# [Instructions for the task]
Output the listing below verbatim, without images.

# [Recorded information]

============

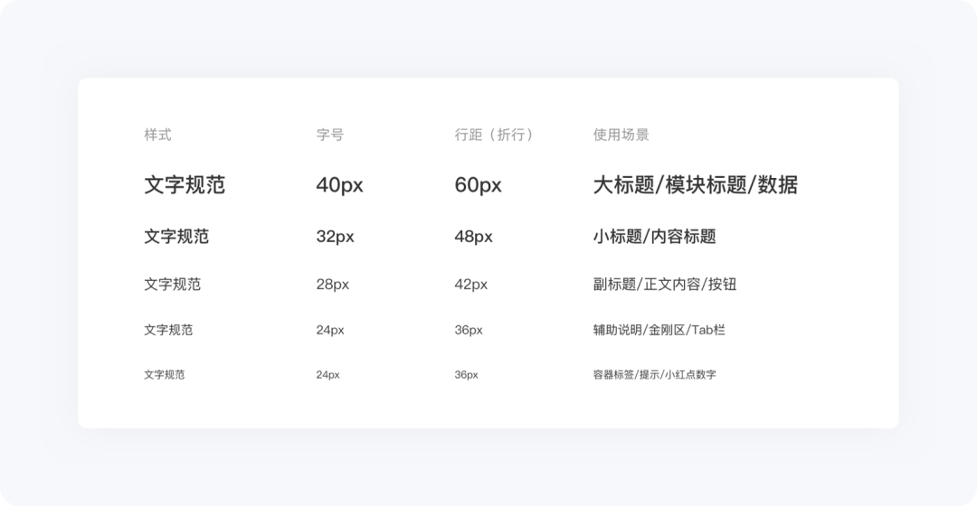 | 大標(biāo)題級(jí) | 40px | 60px | 模塊標(biāo)題、核心數(shù)據(jù)、頁(yè)面大標(biāo)題 |
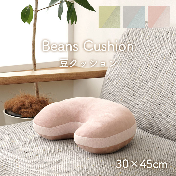 | "オールシーズン使えるスエード調のクッションシリーズ くすみカラーがかわいいグリーン・グレー・ピンクの3色展開 もちもちして気持ちいい触り心地の豆型クッション", |
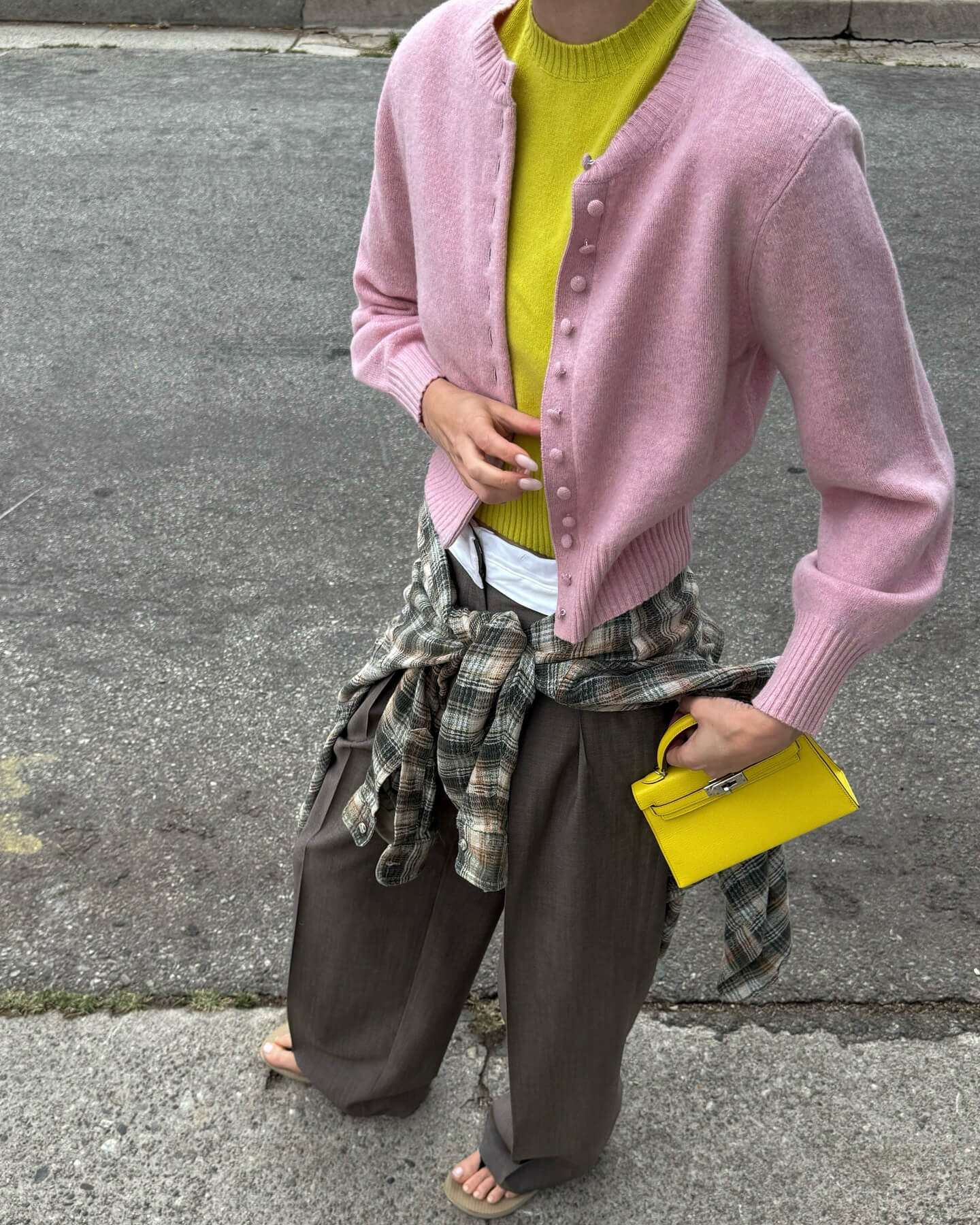 Трикотажный кардиган поверх трикотажного джемпера

============

# [Task answer]
 | 大標(biāo)題級(jí) | 40px | 60px | 模塊標(biāo)題、核心數(shù)據(jù)、頁(yè)面大標(biāo)題 |
 | "オールシーズン使えるスエード調のクッションシリーズ くすみカラーがかわいいグリーン・グレー・ピンクの3色展開 もちもちして気持ちいい触り心地の豆型クッション", |
 Трикотажный кардиган поверх трикотажного джемпера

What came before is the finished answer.